Entries supplied Start Marker

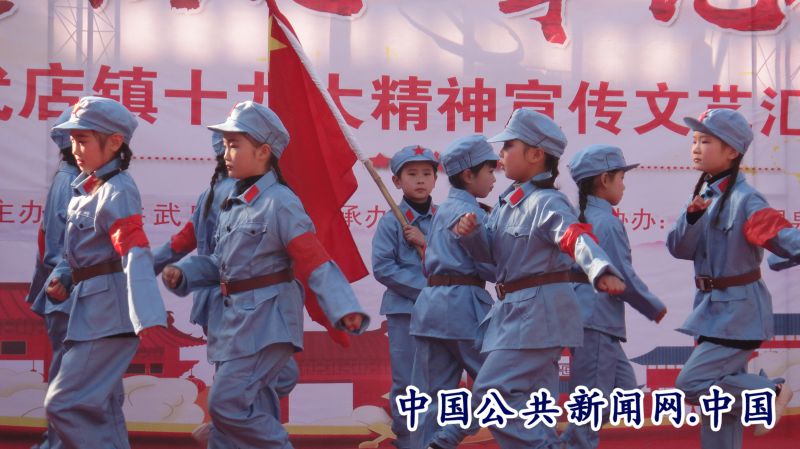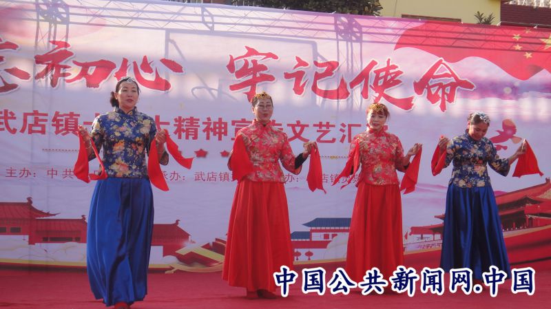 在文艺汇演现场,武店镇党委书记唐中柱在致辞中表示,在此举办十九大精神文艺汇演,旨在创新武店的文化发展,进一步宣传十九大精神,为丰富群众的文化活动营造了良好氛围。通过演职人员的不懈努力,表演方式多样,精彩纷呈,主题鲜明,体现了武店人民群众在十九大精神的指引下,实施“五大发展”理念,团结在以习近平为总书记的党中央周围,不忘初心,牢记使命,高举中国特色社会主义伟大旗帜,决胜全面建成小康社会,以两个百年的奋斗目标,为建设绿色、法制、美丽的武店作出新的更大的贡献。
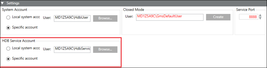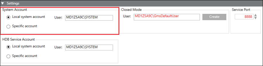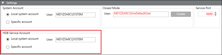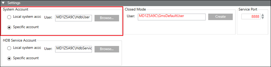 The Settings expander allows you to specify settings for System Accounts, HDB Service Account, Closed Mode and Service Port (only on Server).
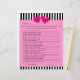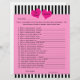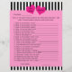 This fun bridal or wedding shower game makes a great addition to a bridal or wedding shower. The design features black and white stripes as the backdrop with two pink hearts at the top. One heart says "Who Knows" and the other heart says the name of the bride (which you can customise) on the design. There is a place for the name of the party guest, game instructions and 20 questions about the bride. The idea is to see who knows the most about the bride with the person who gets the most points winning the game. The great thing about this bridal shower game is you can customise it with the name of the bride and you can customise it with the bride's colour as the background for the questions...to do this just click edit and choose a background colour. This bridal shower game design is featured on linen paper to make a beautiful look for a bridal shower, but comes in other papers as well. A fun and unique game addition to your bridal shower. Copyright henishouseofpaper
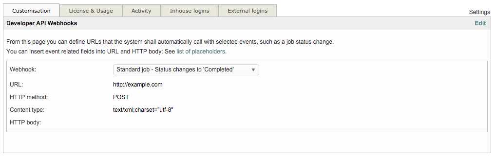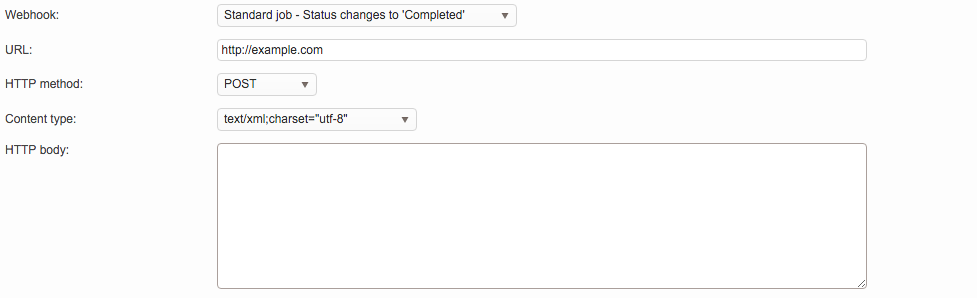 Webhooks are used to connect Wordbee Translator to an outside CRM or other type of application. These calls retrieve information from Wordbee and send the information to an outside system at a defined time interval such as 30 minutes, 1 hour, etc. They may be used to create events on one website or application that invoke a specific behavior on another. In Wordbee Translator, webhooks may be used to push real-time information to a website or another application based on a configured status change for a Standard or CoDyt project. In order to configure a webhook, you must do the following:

Entries supplied End Marker
Entries supplied Start Marker

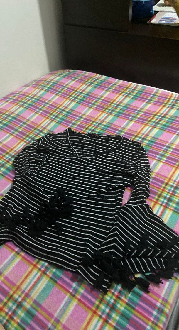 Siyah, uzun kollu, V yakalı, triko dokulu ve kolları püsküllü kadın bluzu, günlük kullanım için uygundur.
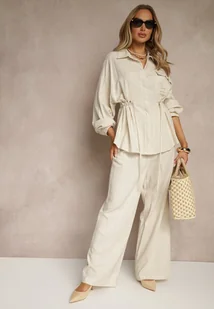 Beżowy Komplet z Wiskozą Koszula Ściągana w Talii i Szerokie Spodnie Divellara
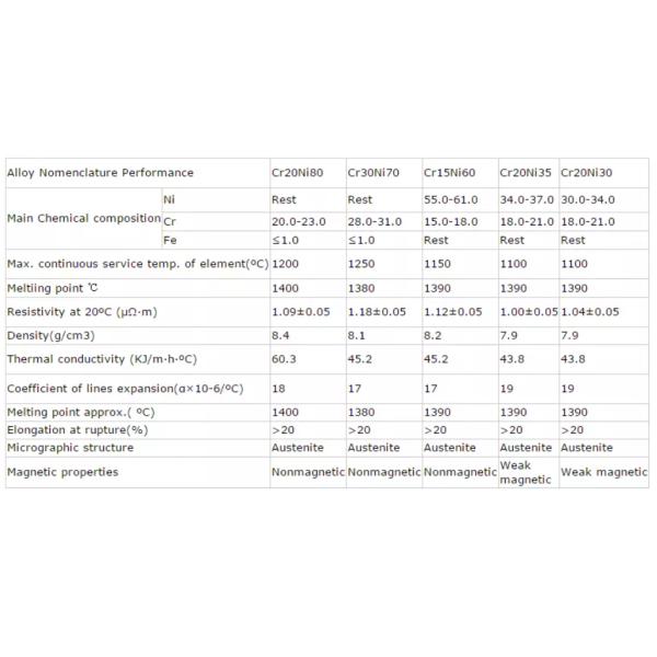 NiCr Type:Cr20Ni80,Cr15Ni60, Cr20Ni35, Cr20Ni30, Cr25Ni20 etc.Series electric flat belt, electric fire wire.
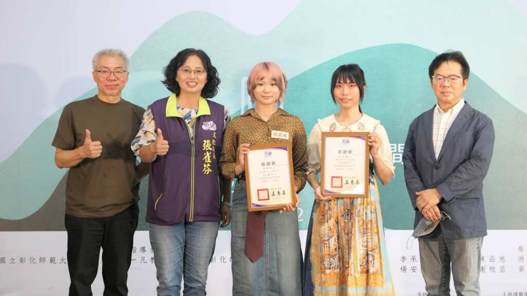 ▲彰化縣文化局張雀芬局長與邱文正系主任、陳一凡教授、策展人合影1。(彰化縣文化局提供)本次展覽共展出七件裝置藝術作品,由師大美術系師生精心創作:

Entries supplied End Marker

> _Exercise_:
Of the lines above, quote exactly those from the one with "在文艺汇演现场,武店镇党委书" through the one with "The Settings expander", ends included; pictures stay out.

> _Final answer_:
 在文艺汇演现场,武店镇党委书记唐中柱在致辞中表示,在此举办十九大精神文艺汇演,旨在创新武店的文化发展,进一步宣传十九大精神,为丰富群众的文化活动营造了良好氛围。通过演职人员的不懈努力,表演方式多样,精彩纷呈,主题鲜明,体现了武店人民群众在十九大精神的指引下,实施“五大发展”理念,团结在以习近平为总书记的党中央周围,不忘初心,牢记使命,高举中国特色社会主义伟大旗帜,决胜全面建成小康社会,以两个百年的奋斗目标,为建设绿色、法制、美丽的武店作出新的更大的贡献。
 The Settings expander allows you to specify settings for System Accounts, HDB Service Account, Closed Mode and Service Port (only on Server).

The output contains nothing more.